Give the listing back in full, exactly as written, with the pictures removed.

▸ **Available data**
+---+
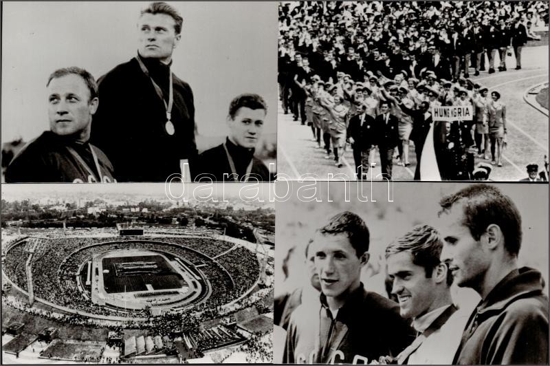 1968 Mexikói Olimpia. Kalapácsvetés, magyar csapat a megnyitó ünnepségen, öttusa. Képzőművészeti Alap kiadása / Summer Olympics in Mexico City. Hungarian national team at the ceremonial opening, pentathlon, hammer throwing - 4 db modern képeslap / 4 modern postcards
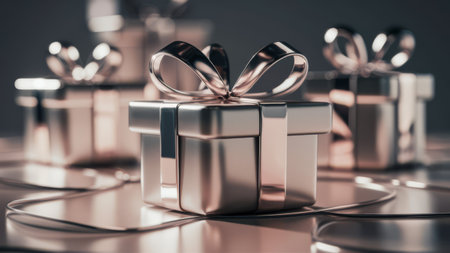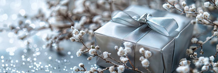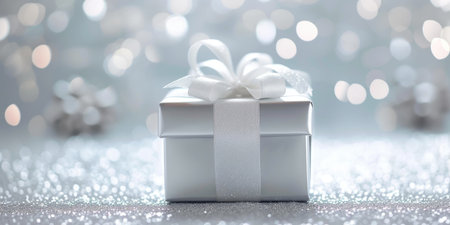 A beautiful white gift box tied with a silver ribbon set against a light background, ideal for showcasing gifts for any celebration or special occasion, evoking elegance and joy.
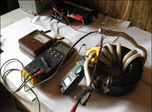 Это фото показывает, что трансформатор реально работает на нагрузку от автономного источника, это показывают измерительные приборы.
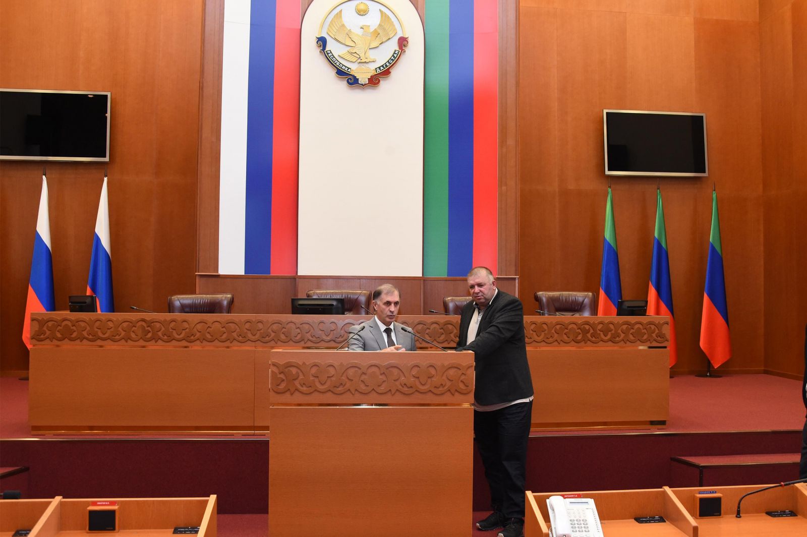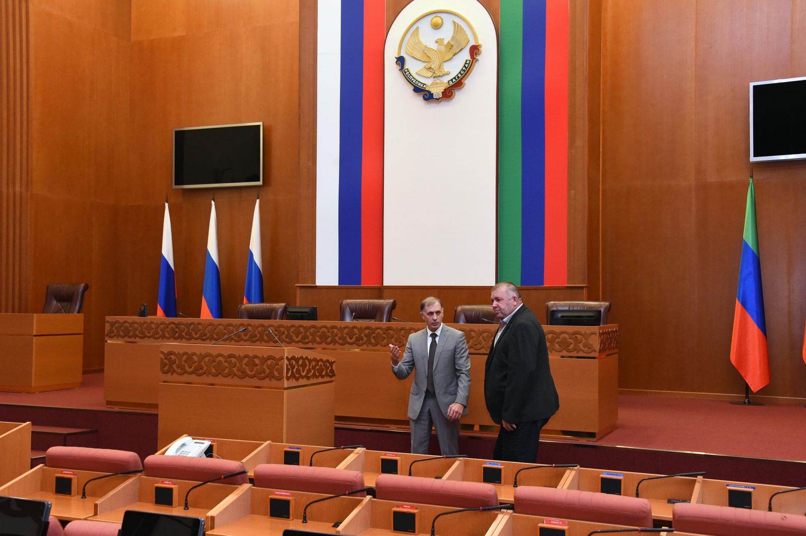 Камил Давдиев провел экскурсию по залам заседаний, объяснил порядок разработки и принятия законопроектов, а также регламент проведения сессий Народного Собрания РД.
+---+
▸ **Answer space**
 1968 Mexikói Olimpia. Kalapácsvetés, magyar csapat a megnyitó ünnepségen, öttusa. Képzőművészeti Alap kiadása / Summer Olympics in Mexico City. Hungarian national team at the ceremonial opening, pentathlon, hammer throwing - 4 db modern képeslap / 4 modern postcards
 A beautiful white gift box tied with a silver ribbon set against a light background, ideal for showcasing gifts for any celebration or special occasion, evoking elegance and joy.
 Это фото показывает, что трансформатор реально работает на нагрузку от автономного источника, это показывают измерительные приборы.
 Камил Давдиев провел экскурсию по залам заседаний, объяснил порядок разработки и принятия законопроектов, а также регламент проведения сессий Народного Собрания РД.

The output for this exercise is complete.